DIRECTIONS FOR THIS TASK: Would you reproduce, word for word, only the lines running from the top of the data through the line containing "两个都是安踏发的,视频里的樊振东真的好帅啊!!!", and none of the pictures?

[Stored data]
━━━━

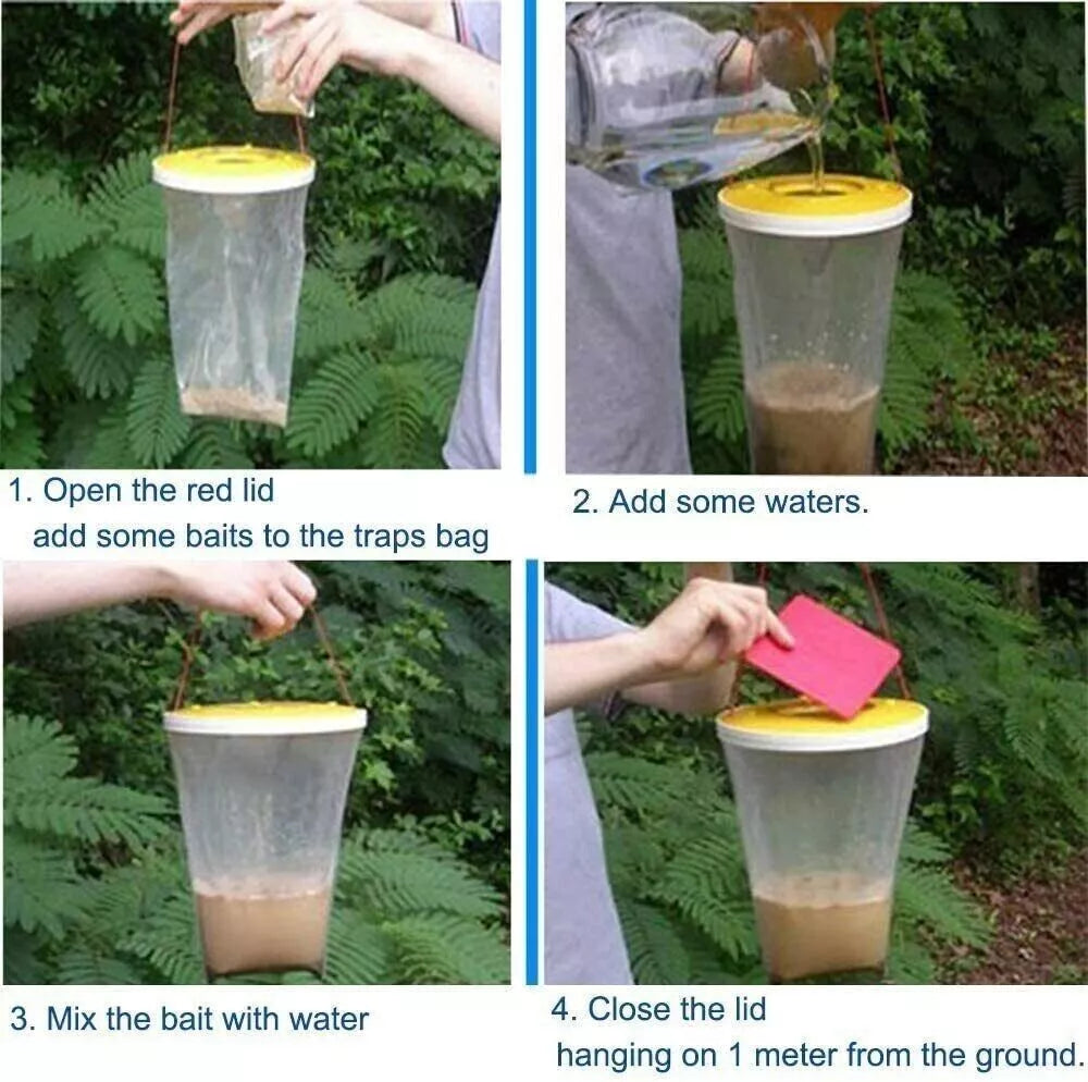 EASY TO USE: Simply take the red jacket off to expose the fly bag entrance. Then add bait to activate and hang the trap 20 feet away from any living space. Once the trap is full, just discard it.
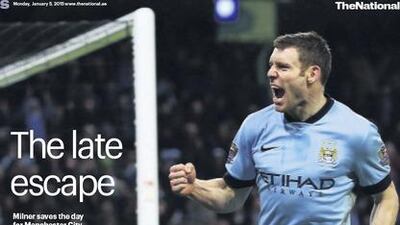 The National’s Sport cover for the Monday, January 5 issue, featuring Manchester City hero James Milner, whose two goals overcame a late 1-0 deficit in a 2-1 FA Cup third round win over Sheffield Wednesday on Sunday at the Etihad Stadium.
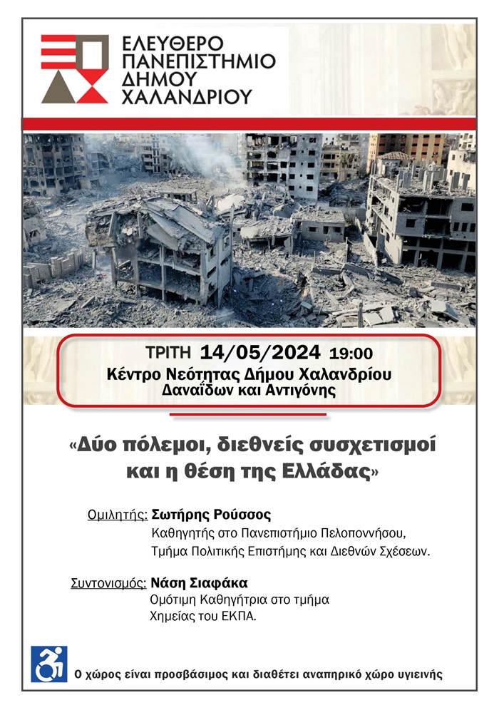 Την Τρίτη 14 Μαΐου 2024 και ώρα 19:00, στο Κέντρο Νεότητας Χαλανδρίου (Δαναΐδων & Αντιγόνης), ανοίγει η συζήτηση με θέμα: «Δυο πόλεμοι, διεθνείς συσχετισμοί και η θέση της Ελλάδας».
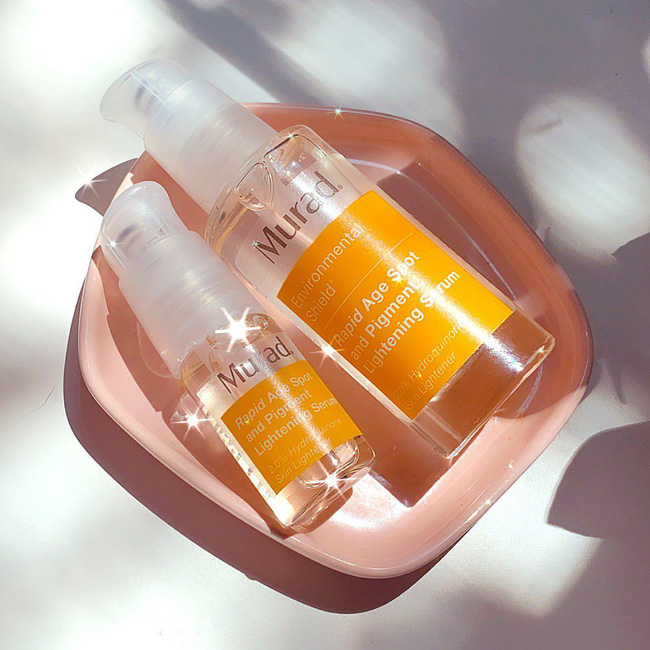 Bác sĩ Sejal Shah tại New York gọi hydroquinone là tiêu chuẩn vàng cho những thành phần làm sáng da; và hydroquinone có trong lọ serum của nhà Murad. Song song với thành phần này là glycolic acid giúp loại bỏ tế bào chết để hydroquinone có thể thẩm thấu sâu hơn, giúp làm sáng da từ bên trong.
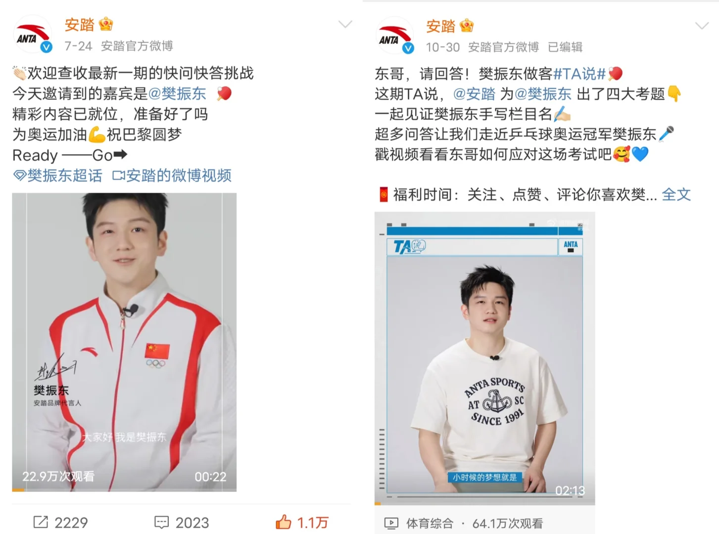 两个都是安踏发的,视频里的樊振东真的好帅啊!!!
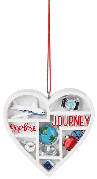 The perfect ornament for the traveler in your life. This heart ornament is accented with travel icons like planes, compasses, and luggage.
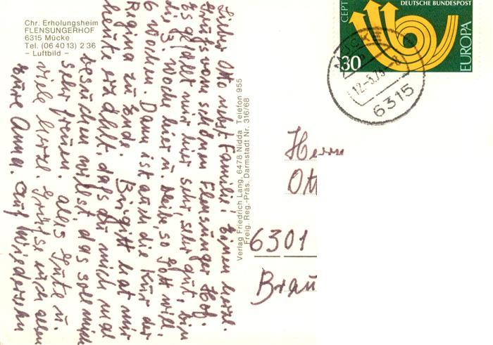 73876100 alte Postkarte Muecke-Flensungen Christl Erholungsheim Flensungerhof Fliegeraufnahme postalisch gelaufen Erhaltung siehe scans [WerneD78] KatCode: 11110006535013

━━━━

RESPONSE AREA:
 EASY TO USE: Simply take the red jacket off to expose the fly bag entrance. Then add bait to activate and hang the trap 20 feet away from any living space. Once the trap is full, just discard it.
 The National’s Sport cover for the Monday, January 5 issue, featuring Manchester City hero James Milner, whose two goals overcame a late 1-0 deficit in a 2-1 FA Cup third round win over Sheffield Wednesday on Sunday at the Etihad Stadium.
 Την Τρίτη 14 Μαΐου 2024 και ώρα 19:00, στο Κέντρο Νεότητας Χαλανδρίου (Δαναΐδων & Αντιγόνης), ανοίγει η συζήτηση με θέμα: «Δυο πόλεμοι, διεθνείς συσχετισμοί και η θέση της Ελλάδας».
 Bác sĩ Sejal Shah tại New York gọi hydroquinone là tiêu chuẩn vàng cho những thành phần làm sáng da; và hydroquinone có trong lọ serum của nhà Murad. Song song với thành phần này là glycolic acid giúp loại bỏ tế bào chết để hydroquinone có thể thẩm thấu sâu hơn, giúp làm sáng da từ bên trong.
 两个都是安踏发的,视频里的樊振东真的好帅啊!!!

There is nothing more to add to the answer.